Runtime Typical location Format
Claude Code ~/.config/claude/projects/<hash>/*.jsonl JSONL (one message per line)
OpenCode ~/.local/share/opencode/project/<hash>/session/* Session directory per conversation
Cursor Local app storage (SQLite / JSON) Proprietary
Cline / Continue / Aider Various Various

A WP-CLI command, a pipeline that processes session history, an analytics plugin, a memory system — none of these can consume session data today without re-implementing per-runtime file discovery and parsing. That's a job wp-coding-agents is uniquely positioned to own, because it already owns the inverse (runtime-adapter → disk) for skills and agent configs.

Storage model: index in WordPress, content on disk

This is not the skills model. Skills are small (~1-5 KB), low-volume (10-50 total), and benefit from being first-class editable WordPress content. Duplicating them to disk is cheap and the use case justifies it.

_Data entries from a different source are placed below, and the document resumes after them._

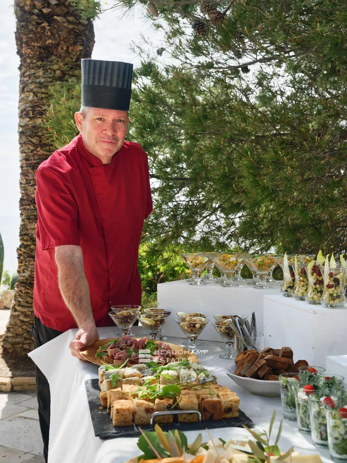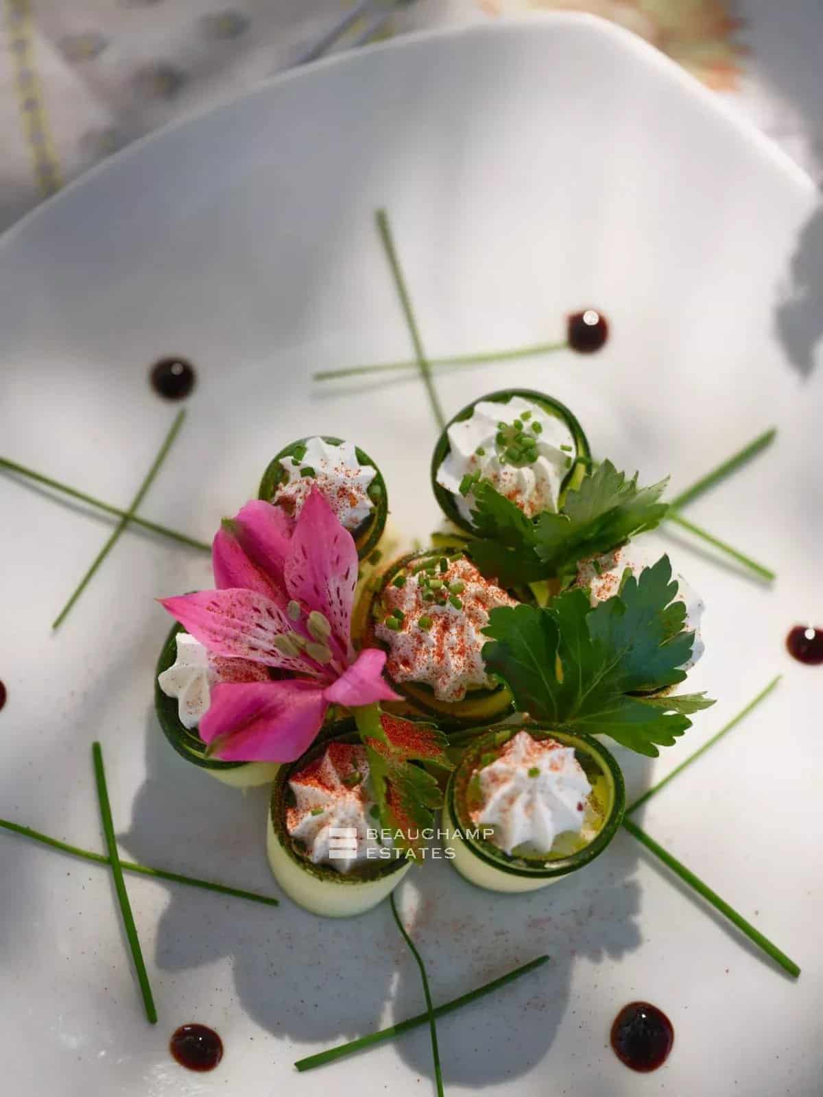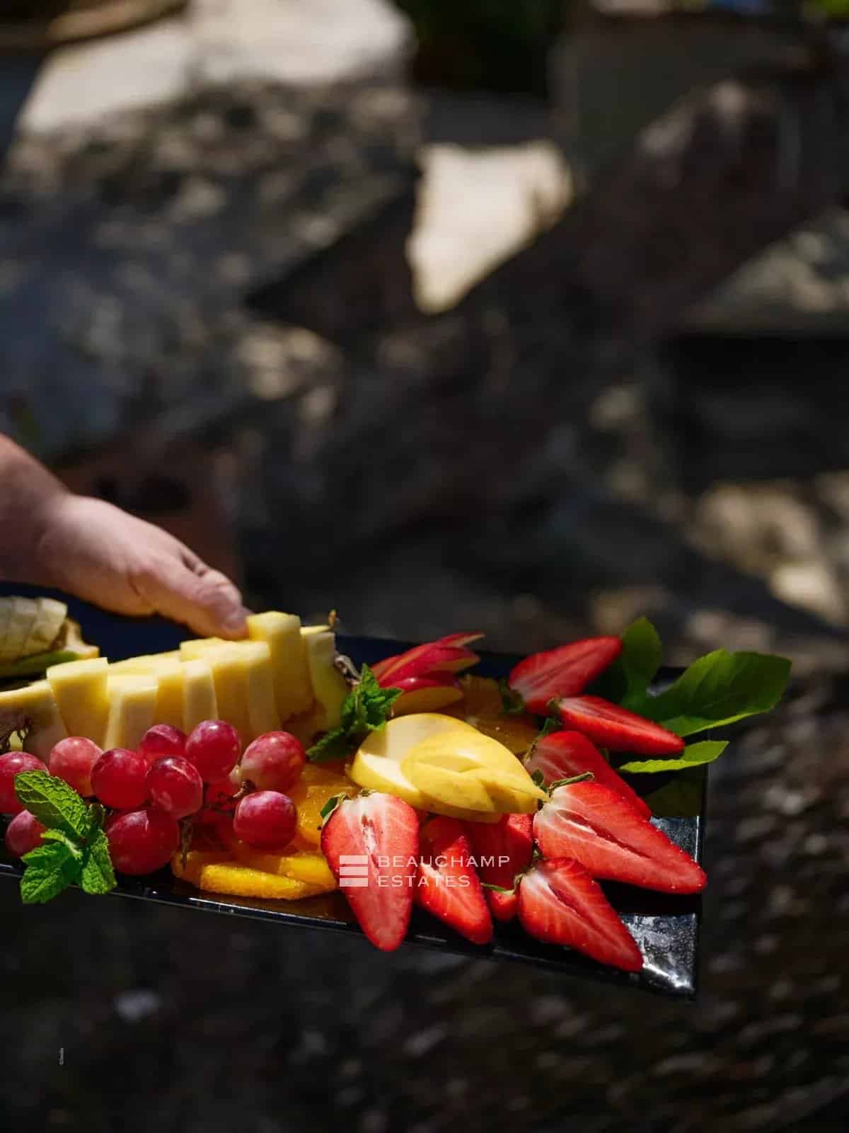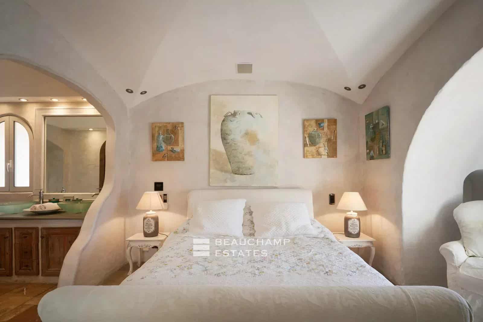 The main villa features a bright double living room and a spacious dining kitchen, designed for entertaining in a refined yet welcoming atmosphere. Opening onto several landscaped terraces, the living areas flow seamlessly outdoors, with a teak dining table, barbecue area, and facilities allowing for year-round enjoyment.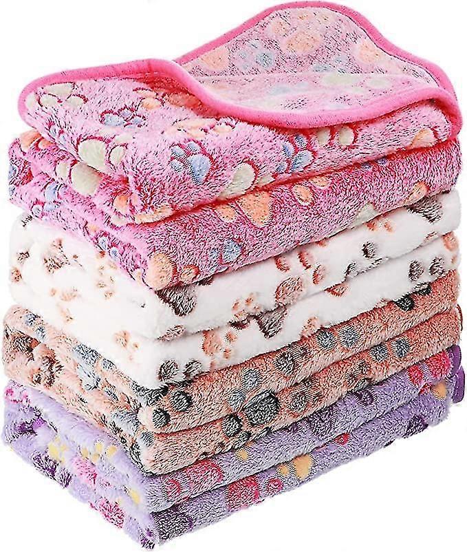 4 Pcs Pet Blanket - Paw Print Fleece Blanket for Small Medium Large Dogs and Cats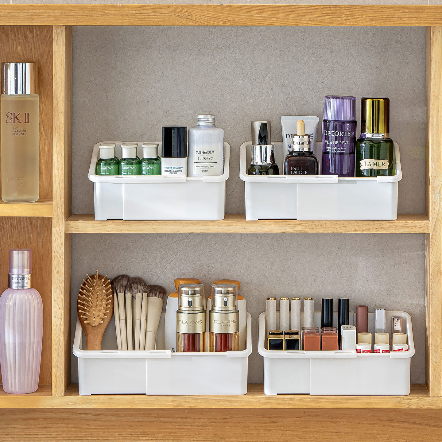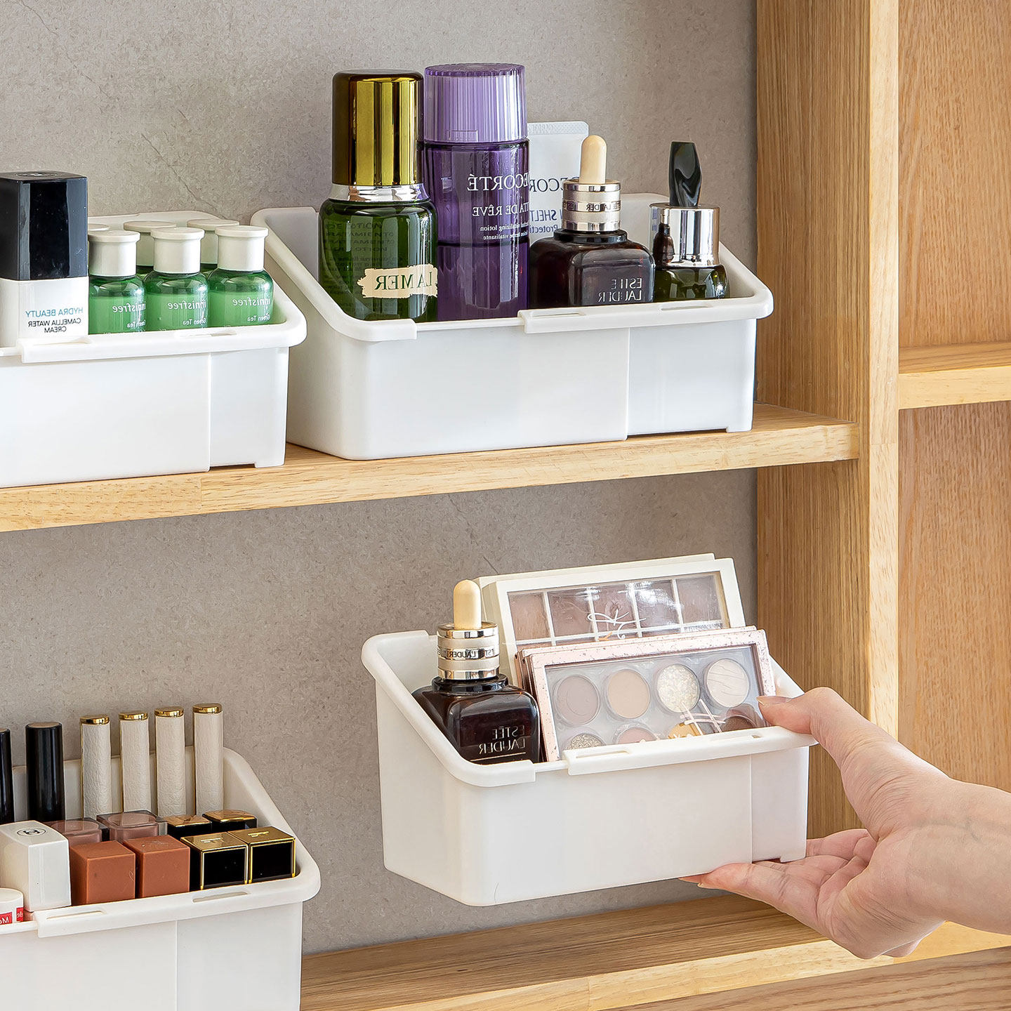 卫生间镜柜收纳盒可伸缩洗手间浴室柜内化妆品口红面膜分格置物架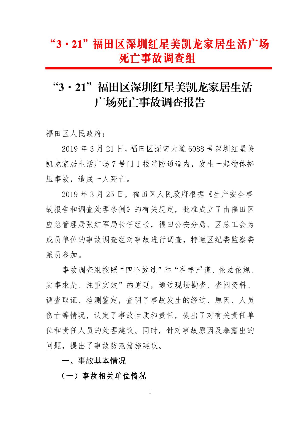 “3.21”福田區(qū)深圳紅心美凱龍家居生活廣場死亡事故調(diào)查報告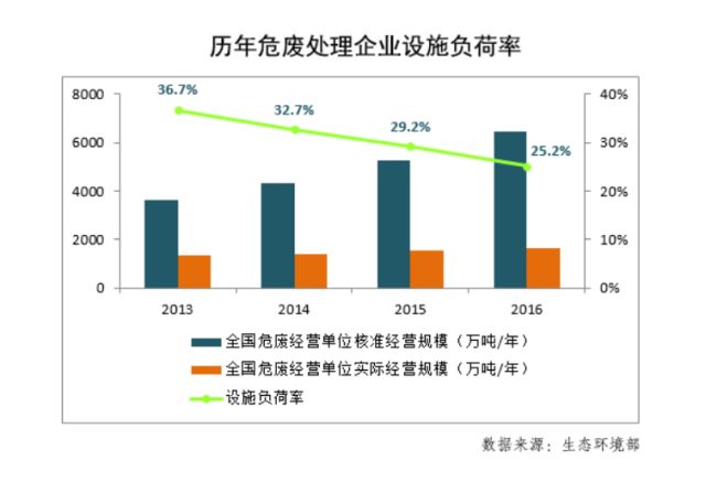 據(jù)生態(tài)環(huán)境部數(shù)據(jù)顯示,危廢處置企業(yè)的設(shè)施負(fù)荷率常年處于低水平運(yùn)行,且有逐年下降趨勢(shì)。處理資質(zhì)與市場(chǎng)需求錯(cuò)配,導(dǎo)致產(chǎn)能結(jié)構(gòu)化過(guò)剩。同時(shí),產(chǎn)能區(qū)域性布局不合理亦是造成危廢處置企業(yè)整體負(fù)荷率低的重要因素。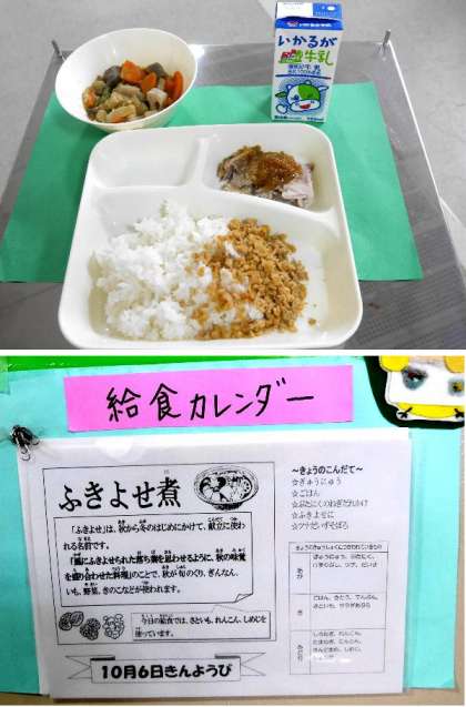 今日の献立は、ごはん、牛乳、豚肉のねぎだれかけ、ふきよせ煮、ツナだいずそぼろでした。
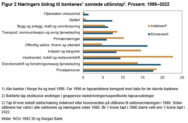 Beregnede tapsbidrag i kroner kan undervurdere bidrag fra næringer som hadde høye tapsandeler under bankkrisen, men lave tapsandeler etter bankkrisen. Siden 1986 har både prisene og bankenes utlån økt. Bankenes utlån i kroner er om lag 20 ganger høyere i dag enn i 1986. Vi beregner derfor indekserte bidrag som tar hensyn til endringer i kroneverdien på bankenes utlån. Med denne beregningen blir bidraget størst fra varehandel, hotell og restaurantdrift.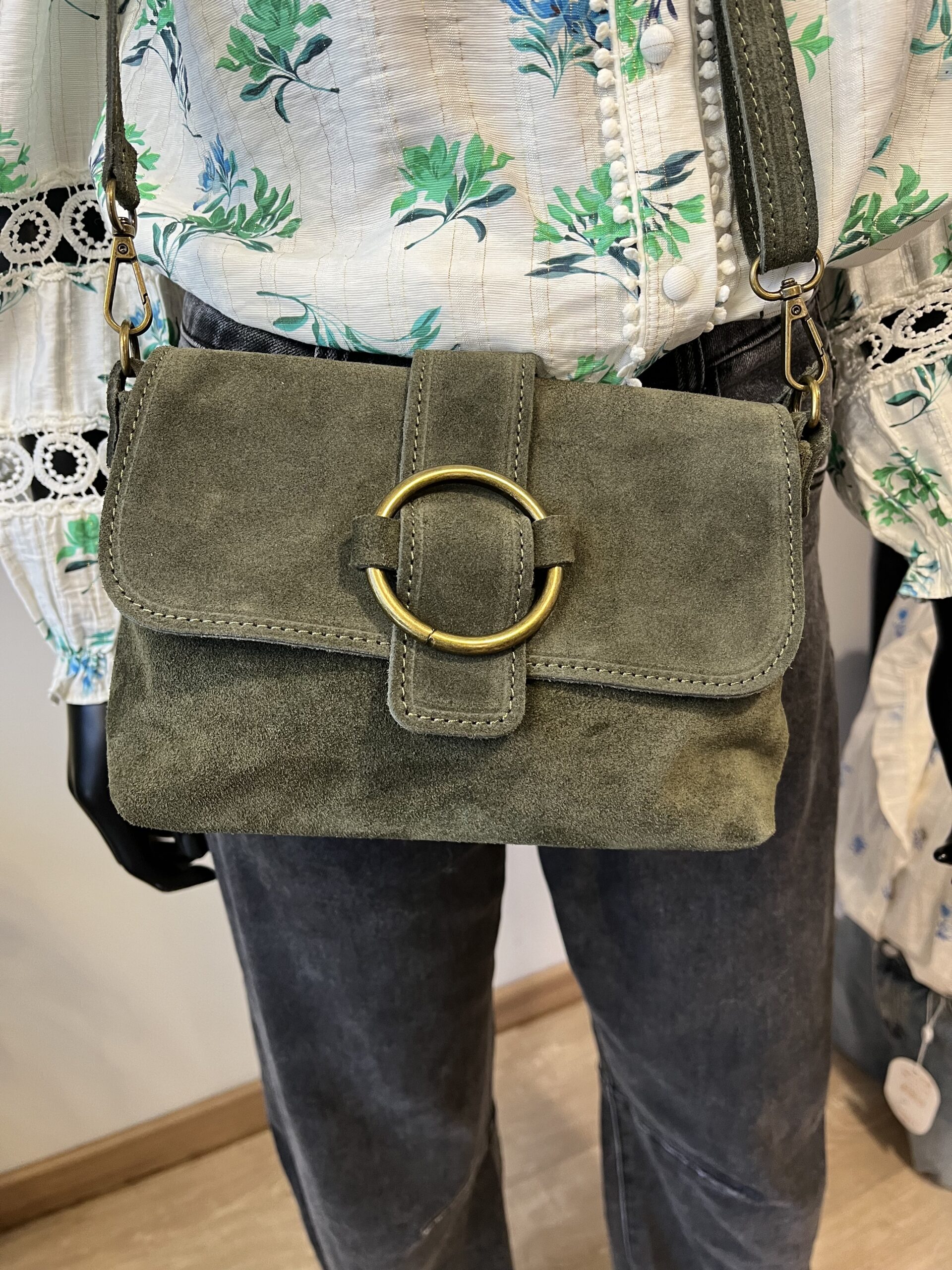 Sac à main vert kaki en cuir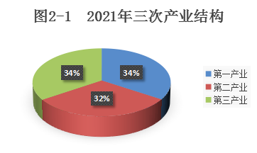其中,第一產(chǎn)業(yè)增加值40.90億元,同比增長7.0%,拉動?GDP增長2.5個百分點(diǎn);第二產(chǎn)業(yè)增加值40.79億元,同比增長8.4%,拉動GDP增速2.4個百分點(diǎn);第三產(chǎn)業(yè)增加值37.85億元,同比增長2.4%,拉動?GDP增長0.9個百分點(diǎn);三次產(chǎn)業(yè)結(jié)構(gòu)為34.2:34.1:31.7,對GDP增長的貢獻(xiàn)率分別為42.8%、42.2%和14.9%。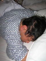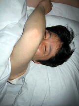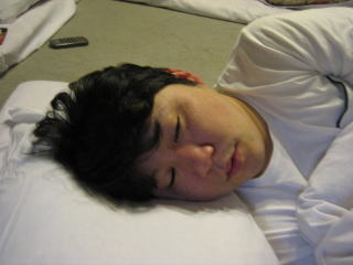 あるじ、爆睡中。 ちょっと、飲んだので、真っ赤です。 頭髪の間から見える地肌。将来ちょっとヤバイかも。 |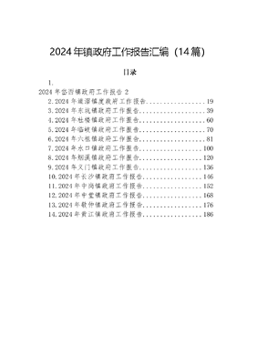 2024年镇政府工作报告汇编(14篇)目录1.2024年岱西镇政府工作报告22.2024年道滘镇度政府工作报告..193.2024年东坑镇政府工作报告.394.2024年杜楼镇政府工作报告.605.2024年临岐镇政府工作报告.706.2024年六祖镇政府工作报告.817.2024年水口镇政府工作报告1008.2024年烟溪镇政府工作报告1209.2024年义门镇政府工作报告13610.2024年长沙镇政府工作报告..14611.2024年中岗镇政府工作报告..15212.2024年中堂镇政府工作报告..16813.2024年敬仲镇政府工作报告..17614.2024年黄江镇政府工作报告..1862024年岱西镇政府工作报告各位代表、同志们:现在,我代表镇人民政府向大会报告工作,请各位代表审议,并请列席会议的同志提出宝贵意见。一、2023年度工作回顾2023年是全面贯彻党的XXX精神的开局之年,是八八战略实施20周年。面对新形势新任务新要求,我们坚持以XXX新时代中国特色社会主义思想为指导,深入学习贯彻XXXXXX考察浙江重要讲话精神,在县委、县政府和镇党委的坚强领导下,在镇人大的监督支持下,紧紧依靠全镇干部群众,牢牢把握高质量发展要求,统筹推进稳增长、促改革、调结构、惠民生、防风险、保稳定各项工作,发扬马上就办、真抓实干的工作作风,经济运行稳进向好,社会大局和谐稳定2023年全镇实现规上工业产值40.7亿元,同比增长43.29%,完成固定资产投资24.2亿元,实现财政总收入3.22亿元,同比增长61.94%,其中地方财政收入2.02亿元,同比增长25.24%。这一年,我们坚持项目带动、优化服务,以改革攻坚积蓄经济发展新势能。围绕全省三个一号工程目标要求,全力以赴抓项目、扩投资,加快推进项目建设,服务保障绿色石化基地和经济开发区,高质量发展根基更加牢固。保障重点项目坚定有力。深入实施项目攻坚年行动,优先保障重大项目用地需求,推动前期政策处理工作加力提速。S201公路岱山浪激咀至双合段改建工程房屋拆迁100%签约,顺利完成前岸、后岸、双合土地征收及青苗补助工作。稳妥协调岱北水厂政策处理,有力保障重大项目无障碍施工。前岸110千伏输变电工程、牛山片区全面完成征地工作,为鱼山绿色石化基地配套设施建设打下坚实基础。主攻招商引资成果丰硕。优化政策机制,出台完善招商引资奖补细则,发挥绍台温和石化产业链招商专班作用,精准开展延链补链强链招商。坚持引进来、走出去,全年组织外出招商19次,接待客商25次,招引市外资金2.7亿元,完成10家企业落地,涵盖石化、新材料、生产性服务业等各领域。优化营商环境细致入微。组建岱西商会,多渠道、全方位深入企业开展助企纾困行动,全年累计走访企业159家次,协调解决华丰船厂近海锚地建设与航道政策处理等制约企业发展的问题136个。全面落实稳企惠企一揽子政策,新增企业减税降费2.8亿元,帮助重点企业争取贷款授信5000万,为项目落地保驾护航。这一年,我们坚持产业牵引、要素驱动,以提质赋能打开转型升级新局面。始终把经济发展的着力点放在实体经济上,盘活存量、培育增量、提升质量,提速新旧动能转换。工业经济提能升级。优质创新资源加快集聚,浙江润和催化一期、佳瑶新材料等一批打破国外技术垄断的先进制造业项目建成投产,高强高模碳纤维、世倍尔催化剂等2个10亿元以上的重大制造业项目落地开工。中科院宁波材料所岱山新材料研究和试验基地正式投用,岱山新材料科创园建设初具规模。依托激光制造应用创新中心,宁兴船舶与航天三江集团合作研发的国内首台套激光大板幅切割生产线成功上线投产。华丰船舶立足行业特点和自身管理特色,着力研发信息化项目,提升科技附加值。全年规上工业企业研究开发费用同比增长92.19%。扎实推进凤凰涅槃和腾笼换鸟攻坚行动,岱源建设等3家企业成功升规,整合提升8家低效企业,工业经济韧性和潜力进一步增强。龙头企业发展势头强劲,鼎盛石化获2023年度岱山县工业行业龙头企业,和泰船舶、宁兴船舶、中裕燃气等3家企业荣获2023年度岱山县人民政府质量奖。农业基础夯实巩固。传统农业转向现代化、规模化、品牌化发展,青黑170亩蔬菜基地农艺农机融合示范项目建成并投入运营。火箭农场7000亩现代农业产业园初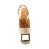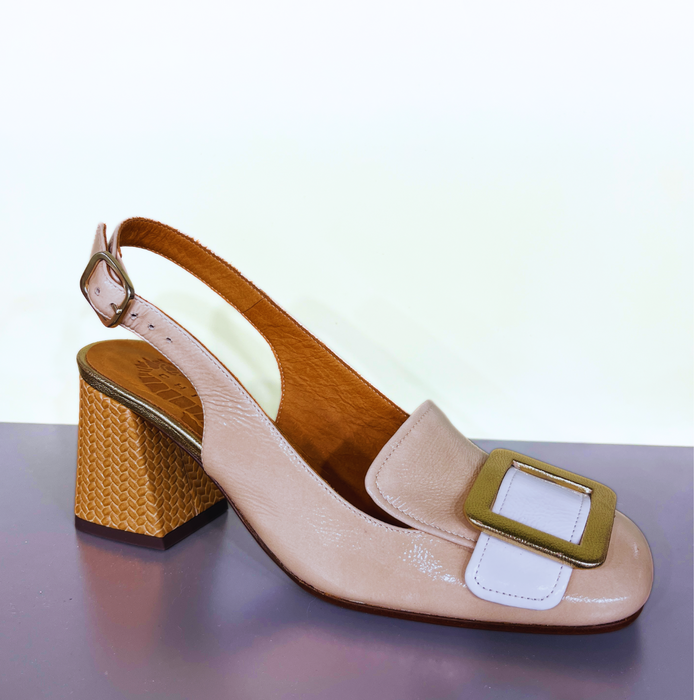 Patent leather slingback pumps in beige with white detail from Chie Mihara. A round-curved toe, slip-on design, buckle closure. Leather-covered block heel. Extra soft leather lining, leather sole with an anti-slippery rubber piece on the bottom.

Sessions are the opposite:

Property Skills Sessions
Size per unit 1-5 KB 10 KB – 10+ MB
Volume 10-50 total hundreds/month, grows forever
Churn Low High (new daily, existing append mid-run)
Write owner WordPress Runtime
Value of full copy in WP High (editable content) Low (mostly tool-call noise)

Copying raw sessions into wp_posts or a custom table would bloat the database by GBs within months, duplicate data the runtime already stores canonically, and store content that's mostly not directly useful (intermediate reasoning, tool call IO, file reads).

The correct pattern — borrowed from markdown-database-integration:

SQLite is the projection. Files are the source of truth. The database is an indexing engine that maps to content on disk.

For sessions:

  1. Runtime session files remain the source of truth. wp-coding-agents does not copy, move, or rewrite them.
  2. WordPress stores a lightweight index — one row per session with metadata only: session_id, runtime, project_path, started_at, ended_at, file_path, message_count, model, token_total, status. ~200 bytes per session. Millions of sessions would still be a small table.
  3. On-demand parse. When a consumer needs the actual messages, the adapter reads the file from disk and returns the normalized shape. No bulk content lives in the DB.
  4. Consumers persist what they derive, not everything they read. Summaries, extracted decisions, linked PRs, salient events → those go into WP (via posts, custom tables, wikis, whatever the consumer wants). Raw transcripts stay on disk.

This keeps the WordPress DB small, keeps the runtime's session files authoritative, and gives consumers the full messages when they need them via a single API.

Proposal

Add a runtime-session-ingest subsystem to wp-coding-agents that mirrors the existing skills-sync architecture, adapted for the index-vs-content distinction above.

1. Runtime adapters

Each supported runtime gets an adapter implementing:

  • Discovery — enumerate session files/directories on the host for a given project path
  • Parse — convert runtime-native format to a normalized message shape (on demand)
  • Metadata — extract session ID, start/end timestamps, project path, model, token counts, runtime-specific context (without reading full content)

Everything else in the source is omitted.